Séverine Tréfouël et Jean-David Morvan se proposent de nous narrer l’engagement saisissant d’Irena Sendlerowa, une femme ordinaire qui, risqua sa vie pour sauver celle des autres…
Varsovie, 1940. Alors que l’armée allemande a envahie la Pologne l’année précédente, faisant basculer le monde dans la guerre, les nazis parquent les juifs de Varsovie dans un ghetto entouré de hauts murs, abattant sans sommation quiconque tente de s’en échapper…
Irena fait partie des rares personnes à venir apporter soutien et vivres aux juifs parqués dans le ghetto et soufrant de maladie, de malnutrition et de mauvais traitements… Sûre de son bon droit, elle n’hésite pas à tenir tête aux gardiens et sa venue régulière, faible lueur d’espoir au cœur des ténèbres, est très attendue, notamment par les enfants…
Mais un jour, une mère mourante la supplie de prendre soin de son fils lorsqu’elle ne sera plus… A-t-elle le droit de risque la vie de ses proches et de ses collègues pour sauver un enfant?
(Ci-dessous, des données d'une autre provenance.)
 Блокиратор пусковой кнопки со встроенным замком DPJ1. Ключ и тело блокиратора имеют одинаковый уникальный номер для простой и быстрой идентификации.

Malgré les risques d’être trahi, la mort de cette jeune mère va la faire entrer en résistance active… Jour après jour, elle va jouer avec la mort pour sauver les enfants de l’enfer…
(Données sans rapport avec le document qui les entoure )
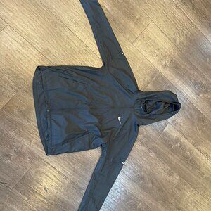black, lightweight, sporty, ripstop, athletic, hooded, water-resistant, minimalist, running, casual

Aussi bouleversant qu’édifiant, cet album est l’occasion pour le grand public de découvrir l’engagement d’une femme d’exception qui, au nom de valeurs profondément humanistes inculquées par son père, a risqué sa vie pour sauver des enfants enfermés par les nazis dans ghetto de Varsovie…
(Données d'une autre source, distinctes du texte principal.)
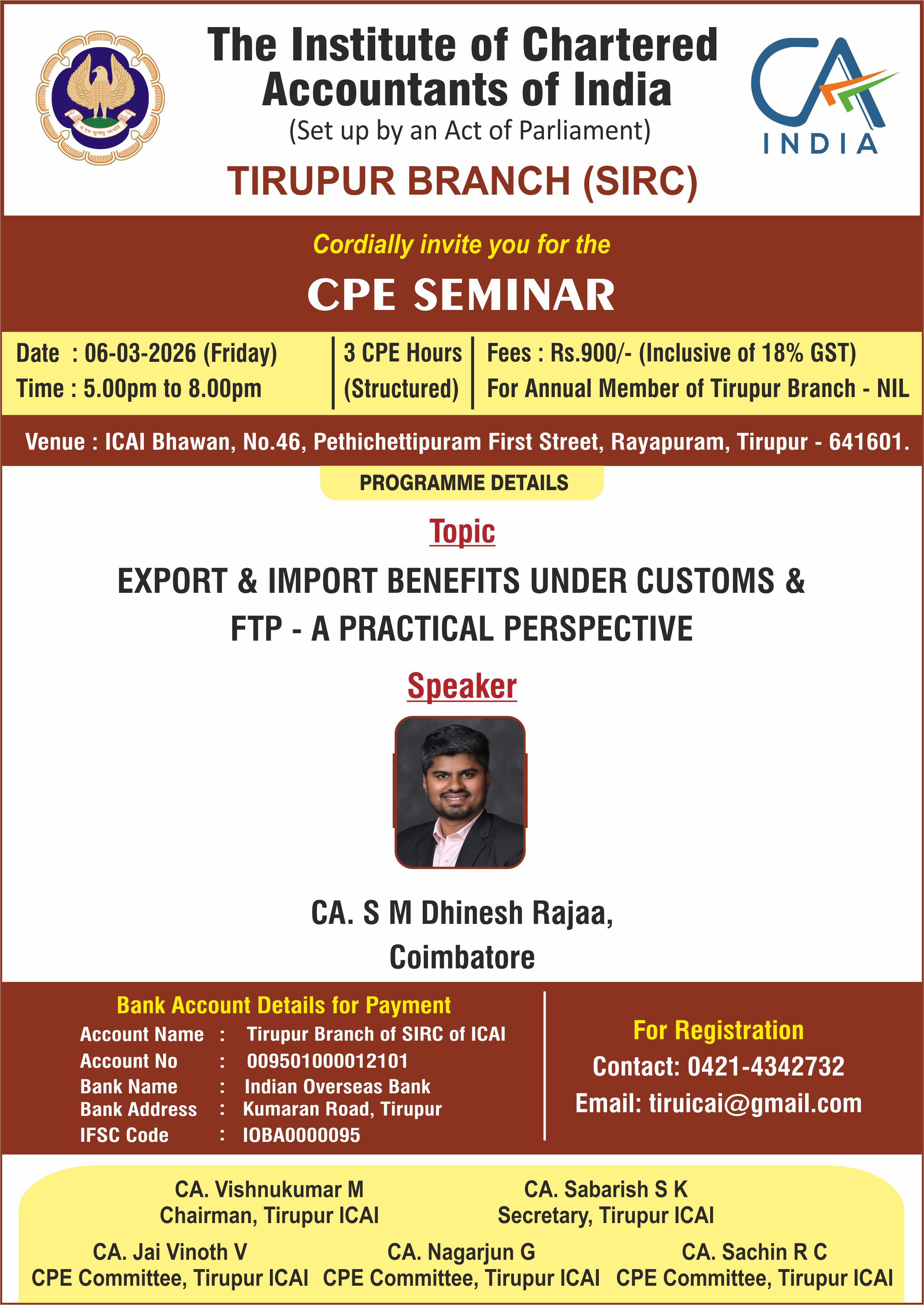 Venue :- ICAI Bhawan, Tirupur

Tout en déroulant leur histoire avec pudeur et subtilité, Séverine Tréfouël et Jean-David Morvan prennent le temps de la resituer dans son contexte historique, décrivant de façon glaçante tant la vie miséreuse au cœur du ghetto que la façon dont les lois raciales ont été peu à peu promulguée, privant peu à peu les juifs de toutes liberté. Dans cet album les auteurs nous montrent comment son engagement pour les pauvres et les déshérités va la pousser à entrer en résistance contre la barbarie.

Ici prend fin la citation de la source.